頭上で緊張の糸が切れたように、空気が変わった。
続いて弾けるようなアレックの笑い声が降ってくる。
恐る恐る瞼をこじ開けてみれば、ケタケタと笑うアレックがそこにいた。
「かっ、からかったの?」
ムッとしてそう言えば、パッと笑みは消えた。
影が落ちたと気付いた瞬間、おでこに柔らかいものが触れた。
「マリィは警戒心が無さすぎだ。相手が俺じゃなかったら、襲われてるぞ。それから、そんな顔他の男に見せるなよ」
そんな顔って一体私はどんな顔をしているんだろう。きっと顔が真っ赤であるのは間違いないと思う。
ほら、といって手を差し延べるアレック。
私はアレックのその一連の動作を一秒だって見過ごせないというように、かぶりついて見ていた。それは、無意識な行動であった。
「マリィ? どうした? 怒ってるのか?」
怒ってる? 私が?
怒りの感情なんて少しも湧いてこない。そんなもの心の何処にも存在しない。
頭を激しく左右に振って見せた。
「怖がらせてしまったか?」
反応のおかしい私に、心底心配そうに眉毛を下げていた。
その問いにも頭を横に振った。
確かに一瞬怖いって思ったけど、本当にそれは一瞬のことで、今はそんなもの何処かに消えてなくなっていた。

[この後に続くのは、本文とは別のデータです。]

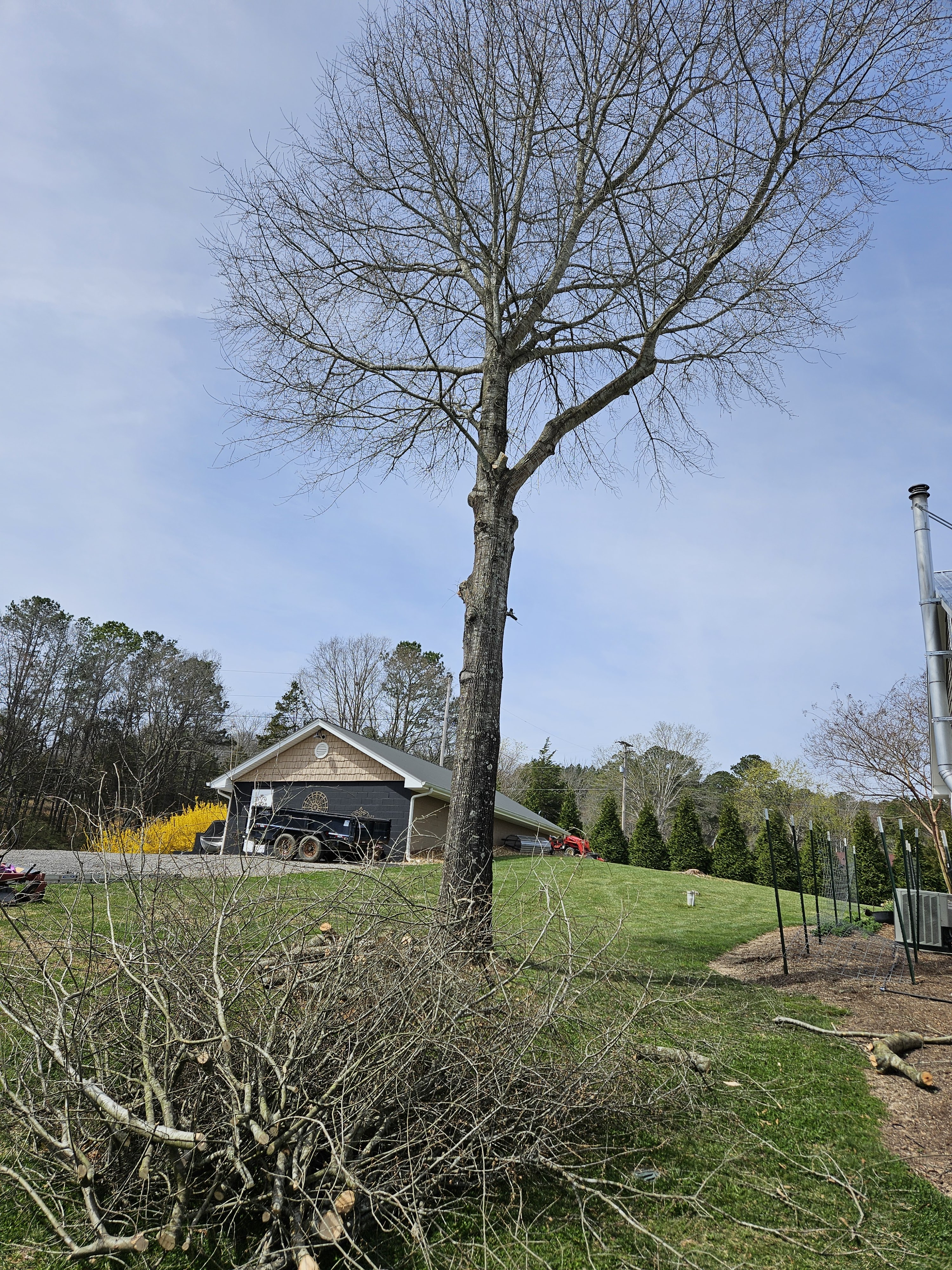 So the process for this type of mushroom is VERY different from the shitake mushrooms that we did. First of all, Maitakes prefer oak trees, which worked out well for us, because my husband did some MAJOR pruning on our oak trees and happened to have large diameter branches for this project.

私は、心配そうに私の顔を覗き込むアレックの手を取ると、立ち上がりそのままアレックの胸へ頭を預けた。
「悪かった。悪戯が過ぎた。もうしない」
アレックは私を優しく包み込み、頭を撫でてくれた。
アレックは勘違いしている。
私は怒っても恐れてもいない。ただ戸惑っているだけだ。
この胸の速く激しすぎる鼓動と、言い様のない苦しみに。
その理由に、気付かないほど鈍感でも奥手でもない。だが、それを認めるわけにはいかなかった。
私には日本で待っている祐一がいる、アレックにはマリィーシアがいる。そして、私はいつか再びマリィーシアと入れ替わり、ここの人間ではなくなってしまう。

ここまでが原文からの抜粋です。